%%
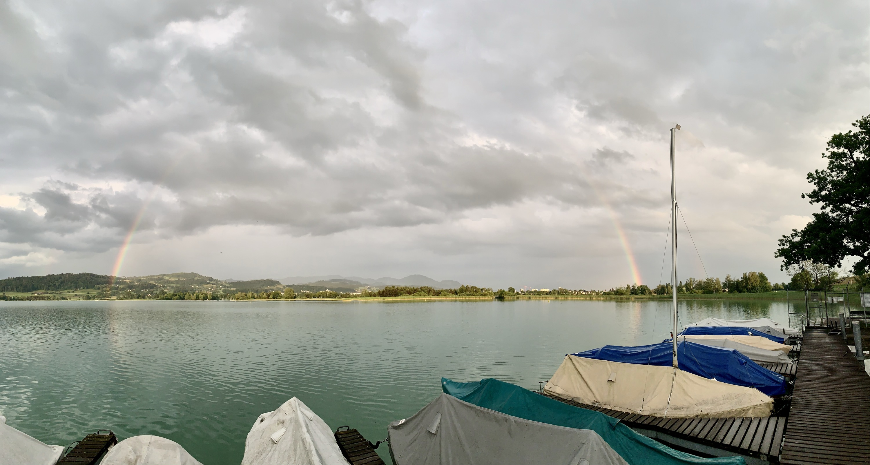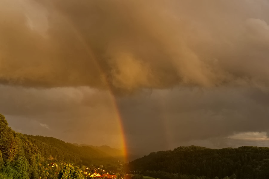 Das finale Zellchen bildete sich über meinem Kopf und donnerte 2x. Natürlich war ich wieder zu spät dran, aber die Stimmung mit Regenbogen in der untergehenden Sonne war einmalig, ein toller Abschluss von zwei tollen Tagen.
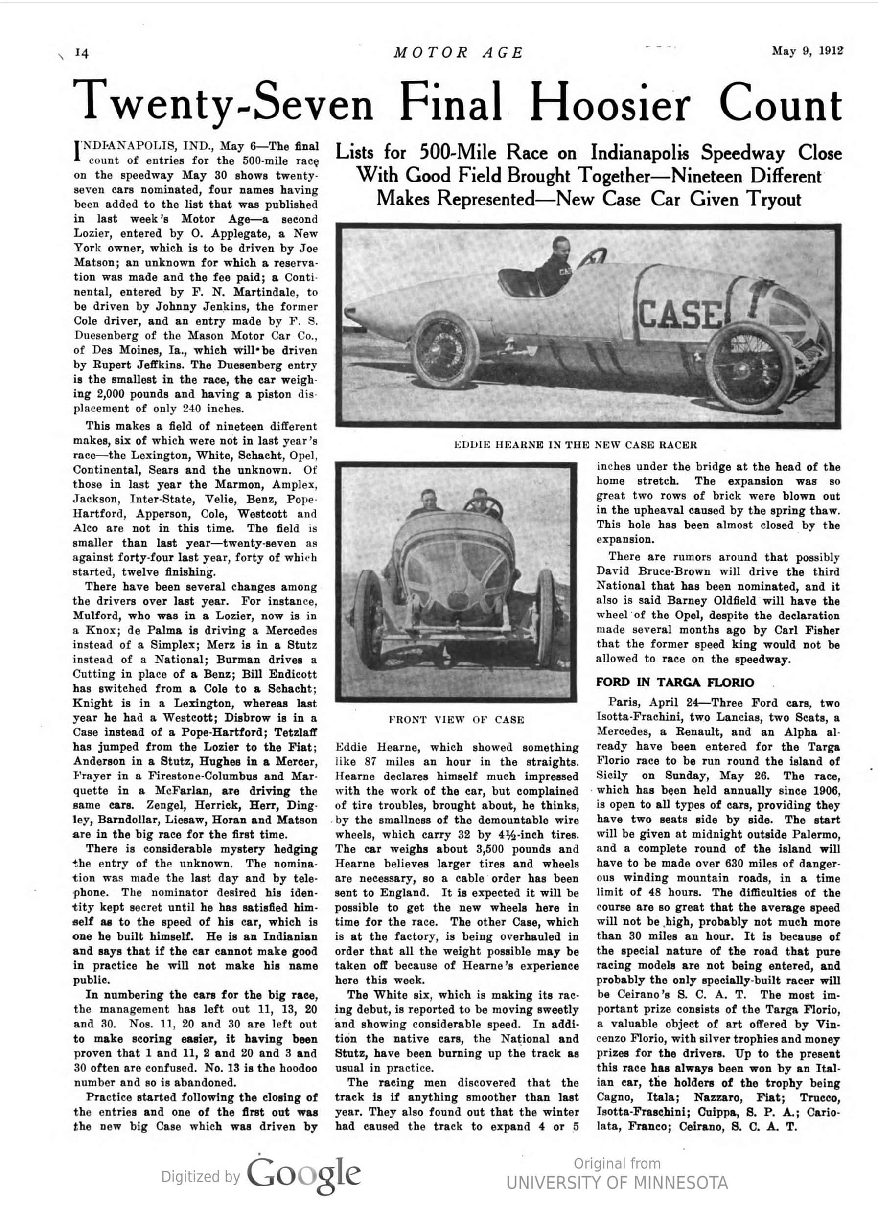 1912 5 9 Indy 500 CASE Twenty-Seven Final Hoosier Count article MOTOR AGE Google page 14
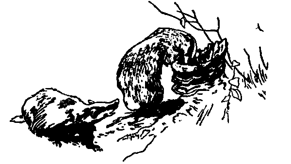 Через полчаса зверь высунул из травы мокрый чёрный нос, похожий на свиной пятачок. Нос долго нюхал воздух и дрожал от жадности. Потом из травы показалась острая морда с чёрными пронзительными [18] глазками. Наконец показалась полосатая шкурка. Из зарослей вылез маленький барсук. Он поджал лапу и внимательно посмотрел на меня. Потом он брезгливо фыркнул и сделал шаг к картошке.
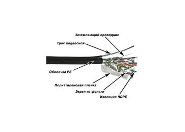 - Медные жилы.2. Изоляцию HDPE3. Трос подвесной4. Полиэтиленовая пленка5. Заземляющий проводник6. Разрывная нить.7. Экран из фольги8. Оболочка из PE.
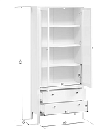 Узкая белая витрина Ewa (Helga) высотой 201 и шириной 65 см может быть использована как сервант для хранения посуды или книжный шкаф. Поэтому ее устанавливают в кухне, гостиной, обустраивают рабочий кабинет и уголок школьника. В двери установлено закаленное стекло, поэтому пенал полностью безопасен в эксплуатации.
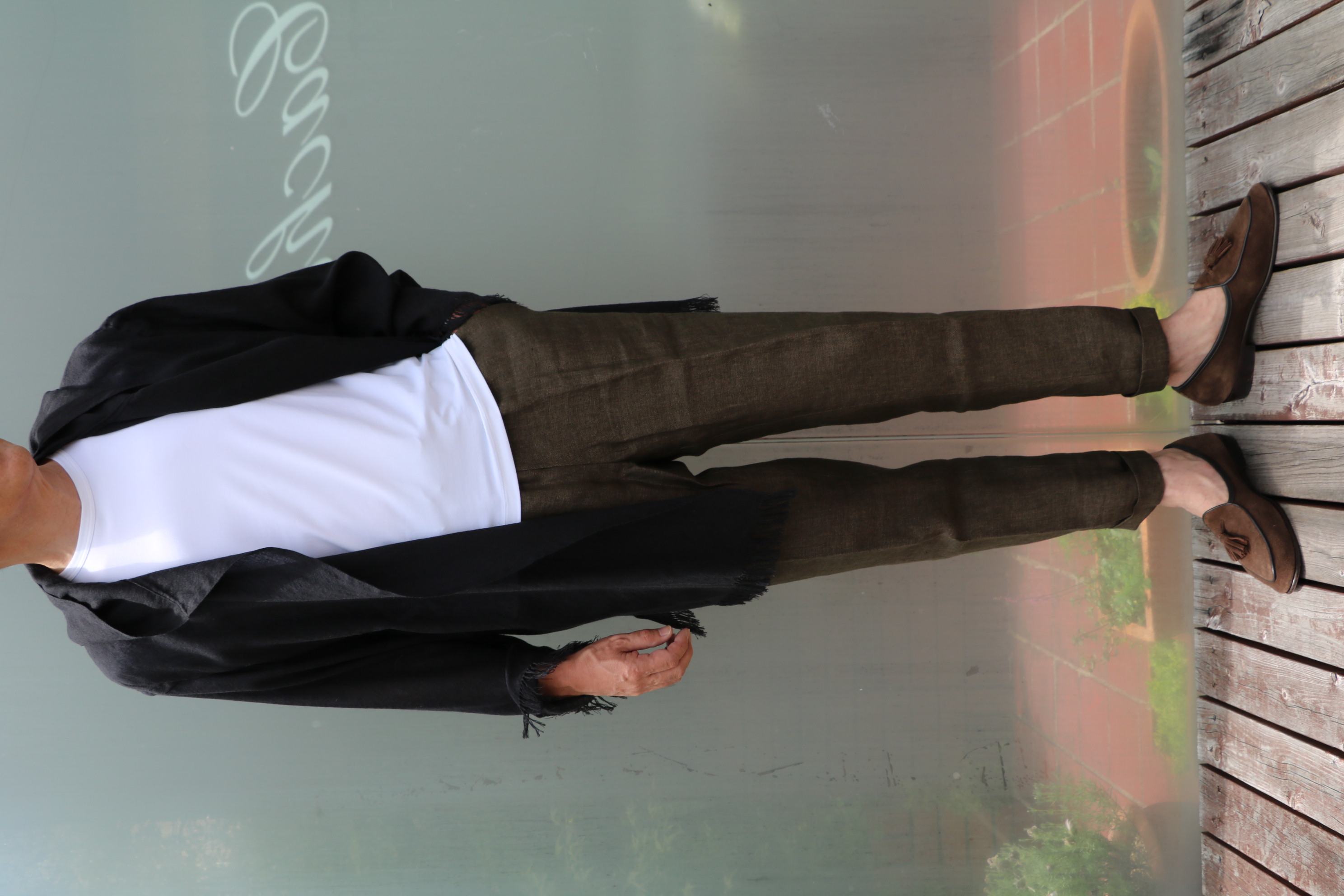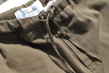 森の中をさらに深く入っていくと、深みのあるダークオリーブに出会えます。ややブラウンがかったオリーブブラウンはリネンの美しい光沢のあるパンツです。ブログを毎回、お読みいただいている方には、もうどこのブランドかお分かりですね。イタリアのパンツファクトリーにはない、ちょっぴりモードな雰囲気を持つ【Borelio/ボレリオ】。
%%
*TASK TO CARRY OUT*: When the listing is transcribed, every line must match the original exactly, and the pictures must be left out.

*EXERCISE OUTPUT*:
 Das finale Zellchen bildete sich über meinem Kopf und donnerte 2x. Natürlich war ich wieder zu spät dran, aber die Stimmung mit Regenbogen in der untergehenden Sonne war einmalig, ein toller Abschluss von zwei tollen Tagen.
 1912 5 9 Indy 500 CASE Twenty-Seven Final Hoosier Count article MOTOR AGE Google page 14
 Через полчаса зверь высунул из травы мокрый чёрный нос, похожий на свиной пятачок. Нос долго нюхал воздух и дрожал от жадности. Потом из травы показалась острая морда с чёрными пронзительными [18] глазками. Наконец показалась полосатая шкурка. Из зарослей вылез маленький барсук. Он поджал лапу и внимательно посмотрел на меня. Потом он брезгливо фыркнул и сделал шаг к картошке.
 - Медные жилы.2. Изоляцию HDPE3. Трос подвесной4. Полиэтиленовая пленка5. Заземляющий проводник6. Разрывная нить.7. Экран из фольги8. Оболочка из PE.
 Узкая белая витрина Ewa (Helga) высотой 201 и шириной 65 см может быть использована как сервант для хранения посуды или книжный шкаф. Поэтому ее устанавливают в кухне, гостиной, обустраивают рабочий кабинет и уголок школьника. В двери установлено закаленное стекло, поэтому пенал полностью безопасен в эксплуатации.
 森の中をさらに深く入っていくと、深みのあるダークオリーブに出会えます。ややブラウンがかったオリーブブラウンはリネンの美しい光沢のあるパンツです。ブログを毎回、お読みいただいている方には、もうどこのブランドかお分かりですね。イタリアのパンツファクトリーにはない、ちょっぴりモードな雰囲気を持つ【Borelio/ボレリオ】。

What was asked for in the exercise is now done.